'''
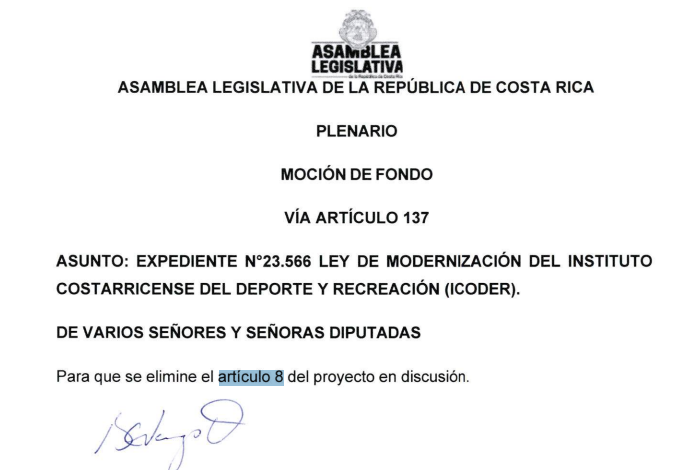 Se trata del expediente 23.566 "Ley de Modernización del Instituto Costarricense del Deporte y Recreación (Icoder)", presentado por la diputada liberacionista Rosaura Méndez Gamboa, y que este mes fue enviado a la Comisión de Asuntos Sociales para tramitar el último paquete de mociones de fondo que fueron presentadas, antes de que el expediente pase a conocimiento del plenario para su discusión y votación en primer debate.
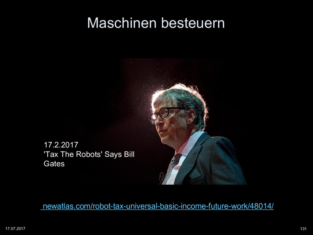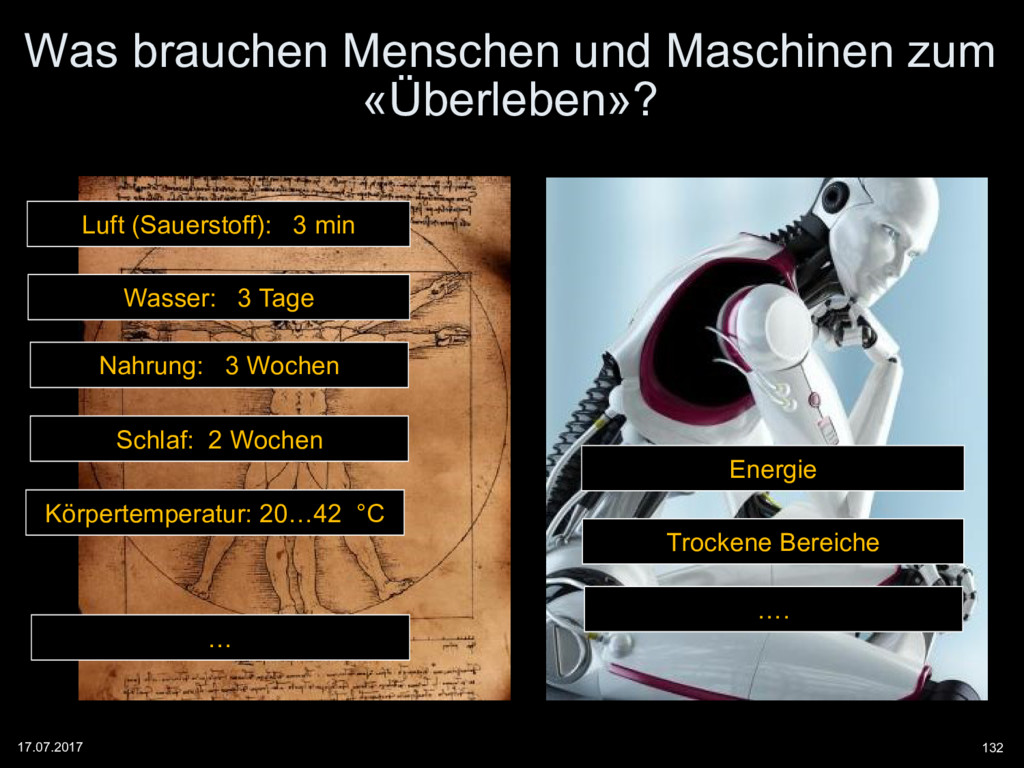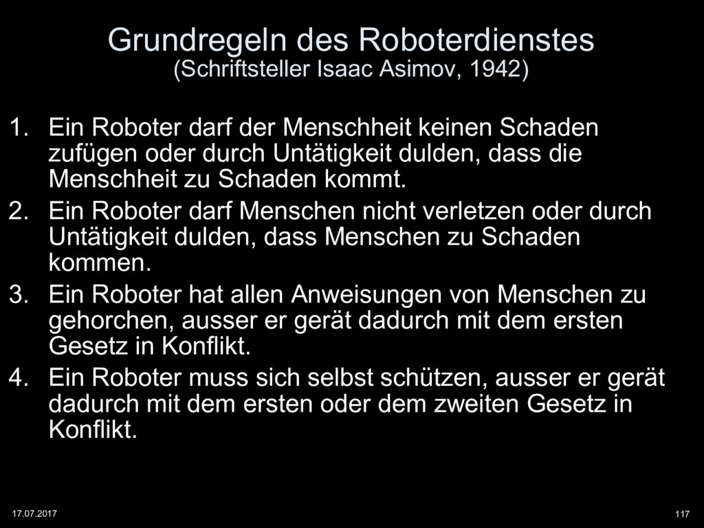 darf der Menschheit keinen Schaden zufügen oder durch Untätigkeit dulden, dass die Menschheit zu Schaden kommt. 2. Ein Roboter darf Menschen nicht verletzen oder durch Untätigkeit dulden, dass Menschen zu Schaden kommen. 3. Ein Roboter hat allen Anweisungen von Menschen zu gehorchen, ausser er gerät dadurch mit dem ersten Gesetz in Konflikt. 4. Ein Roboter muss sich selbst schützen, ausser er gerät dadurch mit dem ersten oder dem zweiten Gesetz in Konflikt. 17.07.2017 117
'''
'''
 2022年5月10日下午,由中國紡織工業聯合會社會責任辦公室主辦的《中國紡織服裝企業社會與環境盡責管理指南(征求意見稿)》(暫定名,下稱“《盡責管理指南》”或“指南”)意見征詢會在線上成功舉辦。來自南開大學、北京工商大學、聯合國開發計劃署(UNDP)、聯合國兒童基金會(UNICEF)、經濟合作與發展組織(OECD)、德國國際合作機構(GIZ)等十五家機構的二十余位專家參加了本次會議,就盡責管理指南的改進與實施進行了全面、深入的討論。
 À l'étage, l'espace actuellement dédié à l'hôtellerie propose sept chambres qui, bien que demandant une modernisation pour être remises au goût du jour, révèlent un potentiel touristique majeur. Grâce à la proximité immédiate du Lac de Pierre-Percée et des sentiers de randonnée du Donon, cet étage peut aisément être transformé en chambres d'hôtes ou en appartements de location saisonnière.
'''
'''
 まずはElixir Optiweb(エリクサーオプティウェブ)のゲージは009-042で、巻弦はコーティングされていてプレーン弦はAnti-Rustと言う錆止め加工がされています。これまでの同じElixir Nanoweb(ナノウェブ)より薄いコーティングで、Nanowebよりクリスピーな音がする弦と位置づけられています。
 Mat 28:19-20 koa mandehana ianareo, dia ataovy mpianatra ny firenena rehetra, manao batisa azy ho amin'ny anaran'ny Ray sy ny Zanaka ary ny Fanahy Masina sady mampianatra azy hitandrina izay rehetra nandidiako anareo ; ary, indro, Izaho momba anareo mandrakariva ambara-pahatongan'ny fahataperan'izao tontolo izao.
'''
ASSIGNMENT: Output exactly one stretch of the listing: from the line containing "2022年5月10日下午,由" through the line containing "À l'étage, l'espace", both end lines included.

OUTPUT FOR THIS TASK:
 2022年5月10日下午,由中國紡織工業聯合會社會責任辦公室主辦的《中國紡織服裝企業社會與環境盡責管理指南(征求意見稿)》(暫定名,下稱“《盡責管理指南》”或“指南”)意見征詢會在線上成功舉辦。來自南開大學、北京工商大學、聯合國開發計劃署(UNDP)、聯合國兒童基金會(UNICEF)、經濟合作與發展組織(OECD)、德國國際合作機構(GIZ)等十五家機構的二十余位專家參加了本次會議,就盡責管理指南的改進與實施進行了全面、深入的討論。
 À l'étage, l'espace actuellement dédié à l'hôtellerie propose sept chambres qui, bien que demandant une modernisation pour être remises au goût du jour, révèlent un potentiel touristique majeur. Grâce à la proximité immédiate du Lac de Pierre-Percée et des sentiers de randonnée du Donon, cet étage peut aisément être transformé en chambres d'hôtes ou en appartements de location saisonnière.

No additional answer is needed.